Which of the following is the primary cause of habitat loss worldwide?
AVolcanic eruptions
BEarthquakes
CHuman activities like agriculture and urban development
DNatural wildfires
While natural events like volcanic eruptions and wildfires can damage habitats, human activities — especially converting forests and grasslands into farmland and cities — are by far the leading cause of habitat loss globally. About half of the world's habitable land has been converted for agriculture.
Question 2 True / False
Once a species goes extinct, it can eventually return through evolution.
TTrue
FFalse
Answer: False
Extinction is permanent. While evolution can produce new species over millions of years, it will never recreate the exact same species that was lost. The passenger pigeon, the dodo, and the woolly mammoth are gone forever. This is why preventing extinction through conservation is so important — there is no undo button.
Question 3 Short Answer
Describe one example of how humans have positively impacted an ecosystem, and explain what made it successful.

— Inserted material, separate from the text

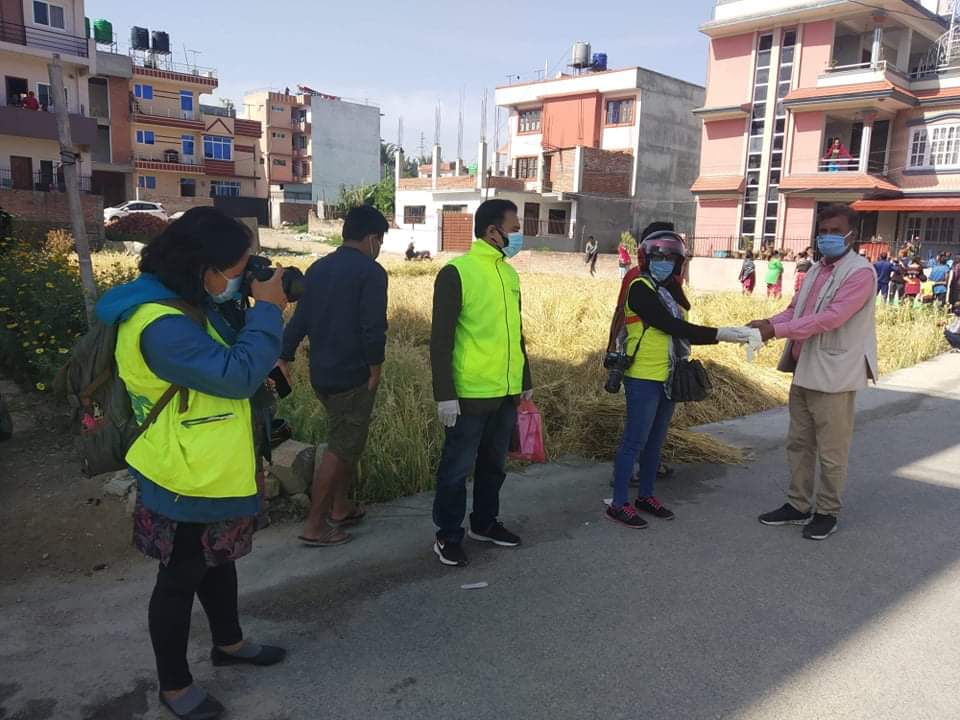 कोरोनाको त्रास बीचमा पनि जाेखिम माेलेर दिनरात नभनी समाचार सम्प्रेषण गर्ने सन्चारकर्मिहरुलाई सुरक्षित तवरबाट समचार सम्प्रेषण गर्न सहयाेग पुगाेस् भन्ने उद्देश्यले सुर्य नगर टोल बिकास समाजले आज भक्तपुरका पत्रकारलाई सिनिटाइजर, मास्क र ग्लोबस प्रदान गरेको हाे ।
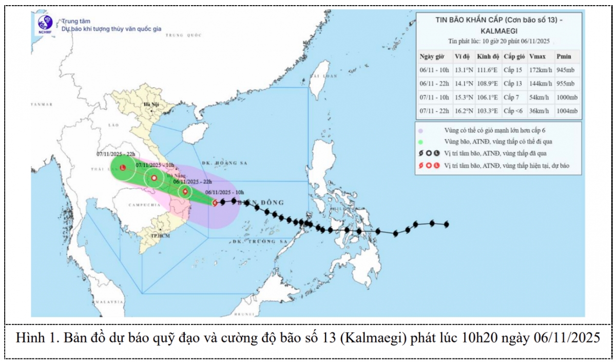Từ ngày 6-7/11, khu vực từ Đà Nẵng đến Đắk Lắk có mưa rất to với lượng mưa phổ biến 200-400mm, cục bộ trên 600mm/đợt. Các tỉnh Nam Quảng Trị, Thừa Thiên Huế, Khánh Hòa và Lâm Đồng có lượng mưa 150-300mm, nơi cao nhất có thể vượt 450mm.

Think about your answer, then reveal below.
Model answer: The bald eagle was nearly driven to extinction in the U.S. due to the pesticide DDT, which thinned their eggshells and prevented chicks from surviving. After DDT was banned in 1972 and conservation programs protected nesting sites, the bald eagle population recovered dramatically and was removed from the endangered species list in 2007. The combination of removing the threat (DDT) and actively protecting the species made recovery possible.
This example shows that human impact is not one-directional — we can also repair damage. Success required both stopping the harmful activity (banning DDT) and taking active conservation steps (habitat protection, breeding programs). Most ecosystem recovery stories follow this pattern.